Neticede 17/25 Aralık akabinde ve dehşetli 15 Temmuz sonucunda içli dışlı oldukları yapıyı terk eden ve inandığını söyledikleri değerlere üst perdeden küfreden şahısların hali gibi.
Aynı pragmatistler şimdi de göremedikleri riskler yüzünden Ak Partide uç verdiler.
Katagorik olarak tarif edeceğim bu yapılanma son yılların bir gerçeği.
Dibine kadar her yere sızan paragmatistler 17 Nisan da nasıl bir sabaha uyanacaklarını bilmediklerinden ölümüne arkasında olduklarını söyledikleri liderin karşılaşabileceğini tahmin ettikleri durumlara kendilerince tedbir alıp durumu kurtarmaya çalışıyorlar.

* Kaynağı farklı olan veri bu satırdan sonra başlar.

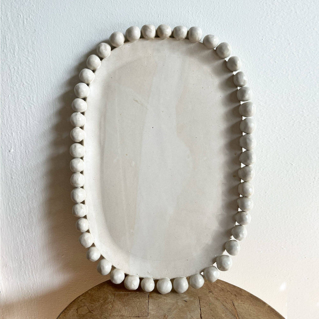 Generously sized platter with a dramatic beaded edge. Per uzshe, each one is handmade so there are variations in sizing of bobbles and glazing is perfectly imperfect. * glazed stoneware * one-of-a-kind * microwave & dishwasher safe * NOT oven safe * 15" x 10.5" x 1"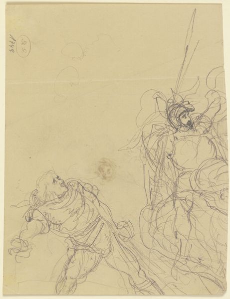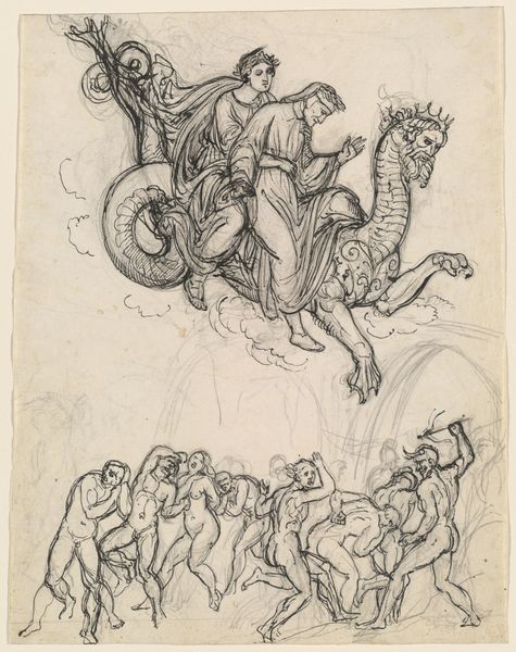 Editor: This is "The Cameleopard, or a new hobby," a drawing in pencil and ink by William Heath from 1827. The combination of textures from the two mediums create this strange, almost dreamlike image. I find the proportions unsettling - the man looks so small atop the giant creature. How would you approach this drawing from a formalist point of view? Curator: Thank you. The beauty in this drawing exists first and foremost in its inherent design. Notice the careful placement of the figures, creating a rhythmic composition. Consider the giraffe-like creature. What do we observe in its constructed form? Editor: The neck is exaggerated. I also see a certain… awkwardness, perhaps even an absurdity, in the animal's posture and the rider's smallness. It creates an interesting dynamic between power and vulnerability, wouldn't you agree? Curator: The artist uses line and form to build tension. See how the delicate lines describing the landscape fade almost into abstraction. It contributes to a sense of depth and unease. Consider also the play between the man’s rigid posture and the implied movement of the surrounding environment. What meaning do you derive from such interplay? Editor: I am really struck by what seems to be a conscious arrangement of contrasts and visual instability. But does this purely formal approach neglect the context? Curator: One analyzes the image as an isolated entity. External context serves only to distract us from appreciating the composition itself, and the genius of Heath’s drawing resides in his precise command over line, form, and spatial relationships. Editor: That's such a focused lens! It pushes me to see details I might have overlooked, but also how much context really does matter to me when experiencing art. Curator: Indeed, every viewing informs the next. And through formal examination, we refine how visual art fundamentally communicates meaning, an enrichment regardless of context.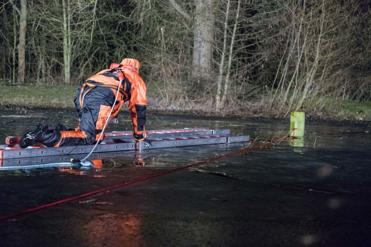 Damit im Einsatzfall schnellstmöglich geholfen werden kann, übt die Feuerwehr insbesondere vor und in den Wintermonaten regelmäßig das Anlegen der Überlebensanzüge sowie den Einsatz des Eisretters. Nicht nur mit dem Eisretter, sondern auch mit den Steckleiternteilen als vergrößerte Auflagefläche kann eine Person gerettet werden. Deshalb wurde dieses Vorgehen bei dem rund 90-minütigen Übungsdienst ebenfalls geübt.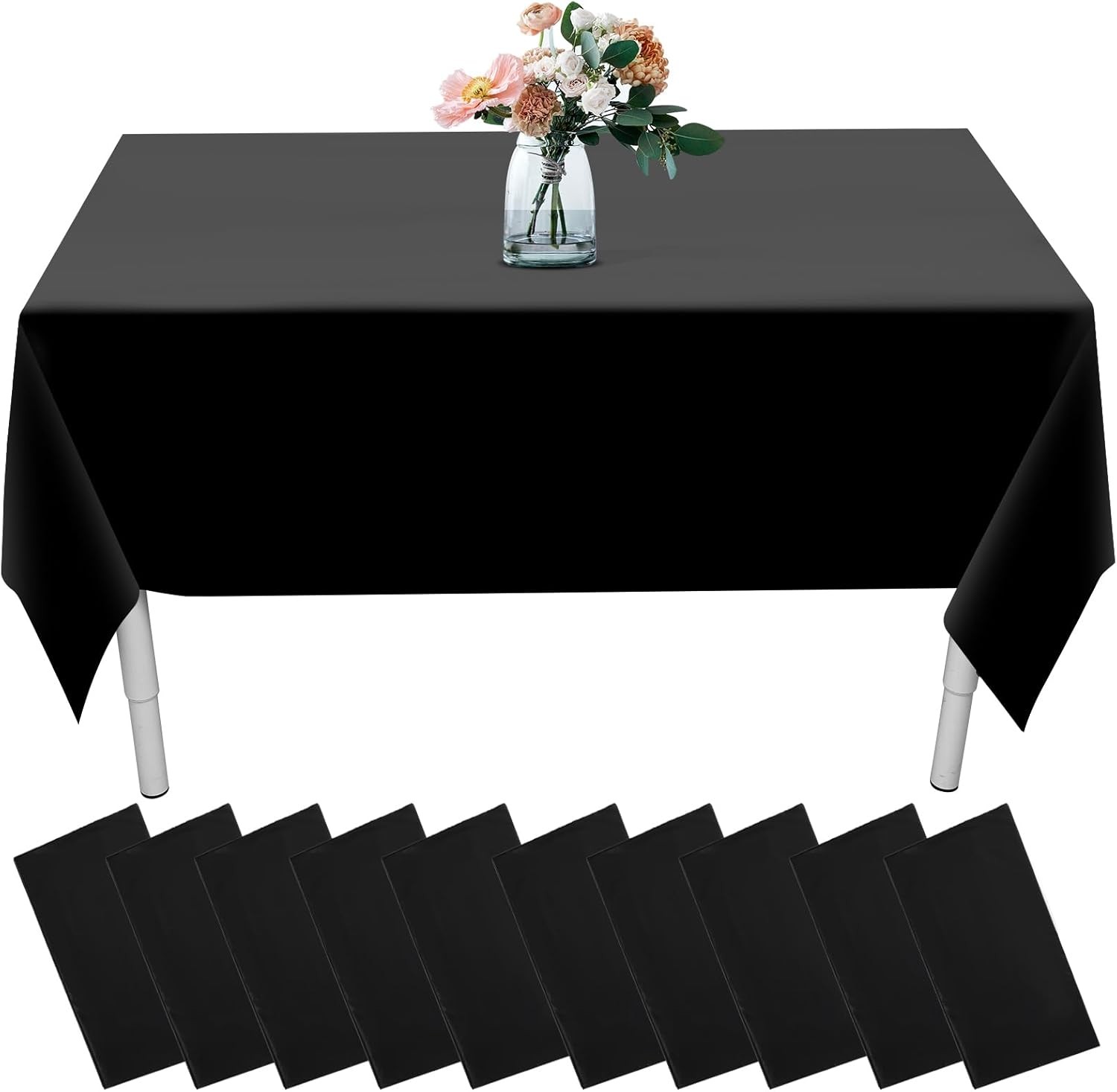 Incisite 10 Pack Disposable Tablecloths,Black Table Cloth,137x274cm Plastic Tab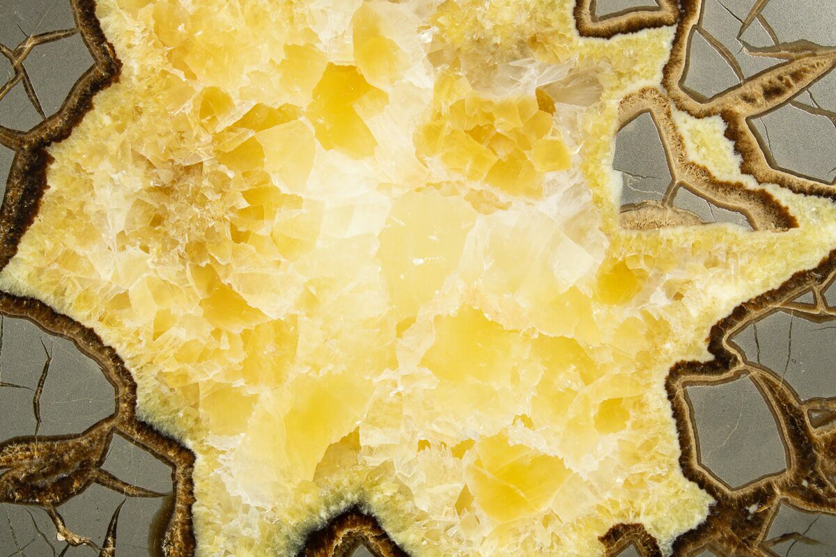 This is a beautiful polished slice from a septarian nodule. This septarian was mined West of Orderville, Utah and was deposited during the Late Cretaceous, about 100 million years ago. The contrast between the grey limestone, yellow calcite crystals, and brown aragonite is quite stunning. It has been polished on one side and displays well on the included display stand.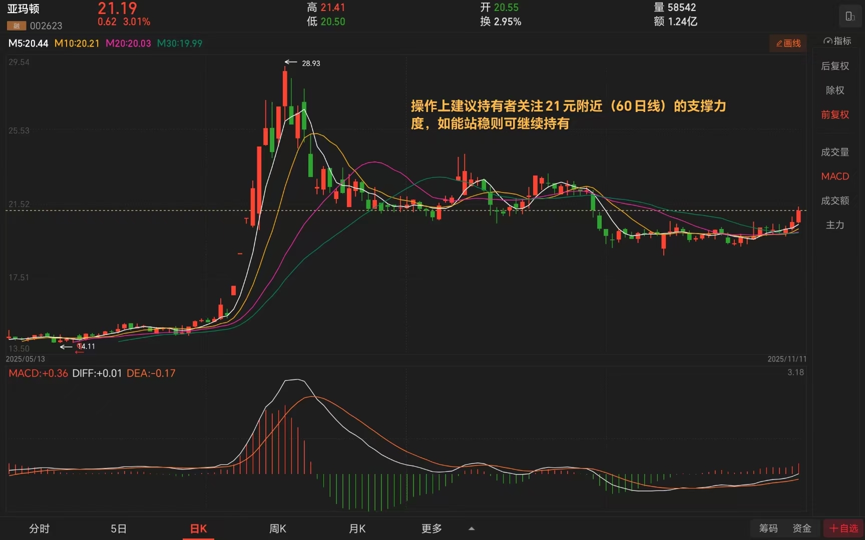$亚玛顿(SZ002623)$ 当前5日线,10日线与20日线呈开始向上发散,并站上了60日线,MACD指标也接近0轴,红柱逐渐放大,不过换手率与资金面稍弱,操作上建议持有者关注21元附近(60日线)的支撑力度,如能站稳则可继续持有。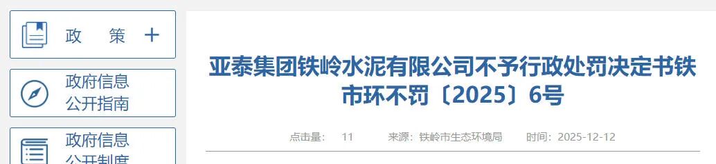 近日,辽宁省铁岭市生态环境局发布亚泰集团(600881)铁岭水泥有限公司不予行政处罚决定书。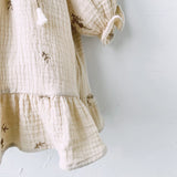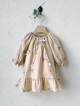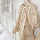 This adorable dress is made from soft muslin cotton and features delicate all-over embroidery. The voluminus shape and intricate embroidery add to its charm, while the smocked chest detail and ribbon tie make it even more delightful.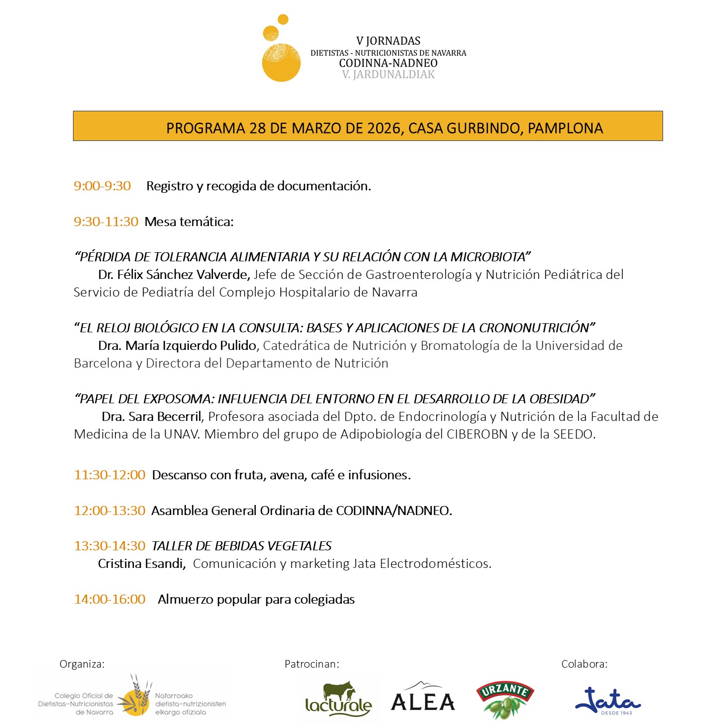 Un año más, se aprovechará el encuentro para celebrar la Asamblea General de CODINNA-NADNEO, y posteriormente tendrá lugar la comida popular de todas las colegiadas incluida en la inscripción.

Üstelik bunlar parti yönetiminde ve kamu kaynaklarının kullanımında söz sahibi olanlar.
Yani sizin anlayacağının güneşin ve ayın altında ne varsa biz ondan istifade edelimciler yarın nasıl bir tavır alacak şimdiden çok net görünüyor.
Alanlara gelen kitle işte bu nedenlerden dolayı heyecansız.
Bana kalırsa bu tutum onları çok etkiliyor.
Sadece işin biraz farkında olan dini yapıları bundan vareste tutabiliriz.
Çıkan sonuç Recep Tayyip Erdoğan kendi gayreti ile bu tercihi evet noktasında çıkarırsa sorun yok, aksi halde biz demiştik noktasında olan bir hayli insan etrafta arz-ı endam edecek.